# [EXERCISE AIM]
Given the listing below, write out exactly the lines starting with the line that has "SbNHXLP gene isolation" and going on through the line that has "I pushed off", both kept.
Start of ENTRIES SUPPLIED
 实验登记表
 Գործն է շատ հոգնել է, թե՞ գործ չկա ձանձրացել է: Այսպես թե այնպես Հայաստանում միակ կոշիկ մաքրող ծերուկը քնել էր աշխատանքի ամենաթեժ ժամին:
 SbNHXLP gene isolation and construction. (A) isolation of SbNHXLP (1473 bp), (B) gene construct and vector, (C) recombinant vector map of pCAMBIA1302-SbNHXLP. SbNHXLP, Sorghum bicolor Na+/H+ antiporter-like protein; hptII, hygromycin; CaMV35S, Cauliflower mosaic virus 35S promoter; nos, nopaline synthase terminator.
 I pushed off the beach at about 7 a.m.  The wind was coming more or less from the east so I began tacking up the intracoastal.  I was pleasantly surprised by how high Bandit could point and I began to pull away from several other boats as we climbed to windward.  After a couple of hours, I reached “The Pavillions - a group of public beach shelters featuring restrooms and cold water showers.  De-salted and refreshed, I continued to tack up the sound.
End of ENTRIES SUPPLIED
Start of ENTRIES SUPPLIED
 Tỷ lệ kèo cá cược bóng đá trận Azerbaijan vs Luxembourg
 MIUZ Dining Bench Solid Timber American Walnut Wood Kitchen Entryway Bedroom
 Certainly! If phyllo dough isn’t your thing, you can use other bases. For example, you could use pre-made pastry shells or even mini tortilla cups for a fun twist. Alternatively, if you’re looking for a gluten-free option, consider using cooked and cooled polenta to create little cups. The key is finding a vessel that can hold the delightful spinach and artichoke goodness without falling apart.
End of ENTRIES SUPPLIED
# [OUTPUT OF THE TASK]
 SbNHXLP gene isolation and construction. (A) isolation of SbNHXLP (1473 bp), (B) gene construct and vector, (C) recombinant vector map of pCAMBIA1302-SbNHXLP. SbNHXLP, Sorghum bicolor Na+/H+ antiporter-like protein; hptII, hygromycin; CaMV35S, Cauliflower mosaic virus 35S promoter; nos, nopaline synthase terminator.
 I pushed off the beach at about 7 a.m.  The wind was coming more or less from the east so I began tacking up the intracoastal.  I was pleasantly surprised by how high Bandit could point and I began to pull away from several other boats as we climbed to windward.  After a couple of hours, I reached “The Pavillions - a group of public beach shelters featuring restrooms and cold water showers.  De-salted and refreshed, I continued to tack up the sound.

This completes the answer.